• EXERCISE DESCRIPTION
Every line from the line containing "先日、アオサギが陸ではなくて水に立っている状態で飛び立った場合、脚はど" through the end of the data is to be reproduced exactly, excluding pictures.

[Stored items from a collection]
══════════

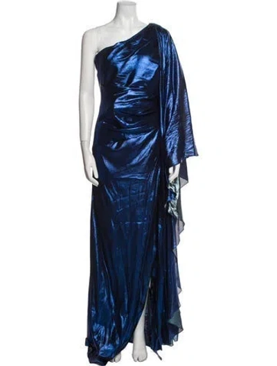 Sem Sem Silk Evening Gown Blue & Metallic Pleated & Ruffle Accents Three-Quarter Sleeve with One-Shoulder Concealed Zip Closure at Back Fit: Dresses by Sem Sem typically fit true to size. | SemSem Silk Long Dress in Blue/Metallic, Women's M
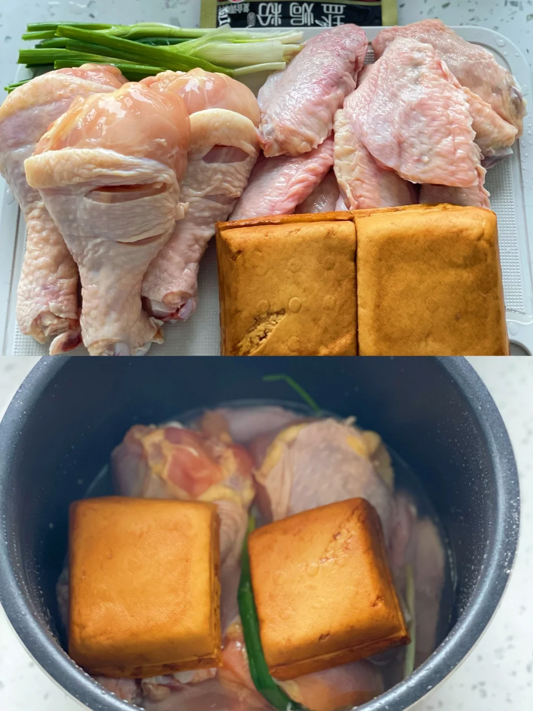 3️⃣电饭煲底部放葱段,鸡腿、鸡翅、豆干放入加水没过食材
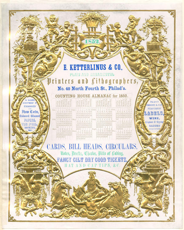 Advertisement calendar, containing an embossed and gilted border of classical imagery, for the studio established by Eugene Ketterlinus in 1842. Imagery includes scrolls; urns of flowers; cherubs playing instruments, riding fish, and holding up pedestals; and the sea god Poseidon in his chariot pulled by horses and a merman. Also contains advertising text promoting the products of the firm. Includes show cards, color glazed papers, tin foil, bronzes, bills of lading, fancy gilt dry good tickets, and hat and cap tips in addition to fancy embossed and gilt labels "always on hand." Ketterlinus was one of the earliest Philadelphia lithographers to produce stock cards, and embossed and colored mercantile labels. The firm remained in business until the 1970s.
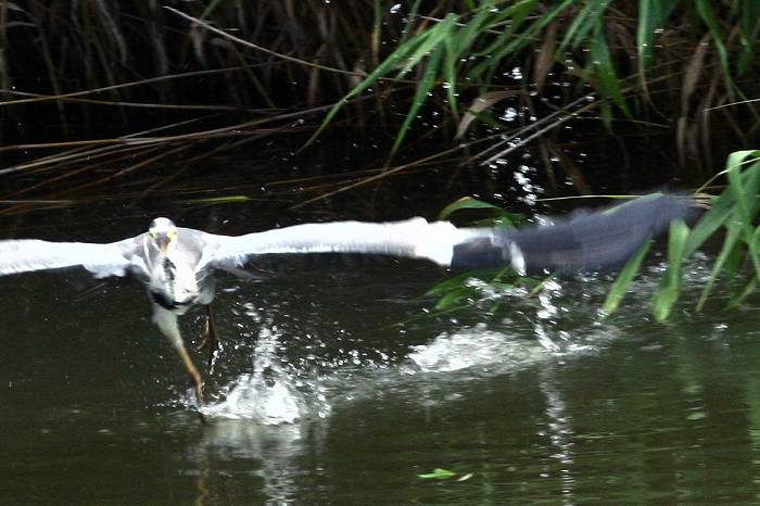 先日、アオサギが陸ではなくて水に立っている状態で飛び立った場合、脚はど
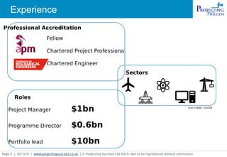 The document discusses how advanced data analytics will transform project controls. It hypothesizes that there are patterns in projects that could make some more prone to variance. With bias-free data pooling and analytics, projects could be delivered with more confidence, quicker and cheaper. An example is given of how analytics could have helped predict issues on the Crossrail project. The challenges of implementing advanced analytics are also discussed, such as how to manage bias in AI and whether project controllers should become data scientists. The document concludes that project controls is on the verge of significant disruption from emerging predictive and forensic analytics capabilities.

══════════

• SOLUTION TO THIS EXERCISE
 先日、アオサギが陸ではなくて水に立っている状態で飛び立った場合、脚はど
 The document discusses how advanced data analytics will transform project controls. It hypothesizes that there are patterns in projects that could make some more prone to variance. With bias-free data pooling and analytics, projects could be delivered with more confidence, quicker and cheaper. An example is given of how analytics could have helped predict issues on the Crossrail project. The challenges of implementing advanced analytics are also discussed, such as how to manage bias in AI and whether project controllers should become data scientists. The document concludes that project controls is on the verge of significant disruption from emerging predictive and forensic analytics capabilities.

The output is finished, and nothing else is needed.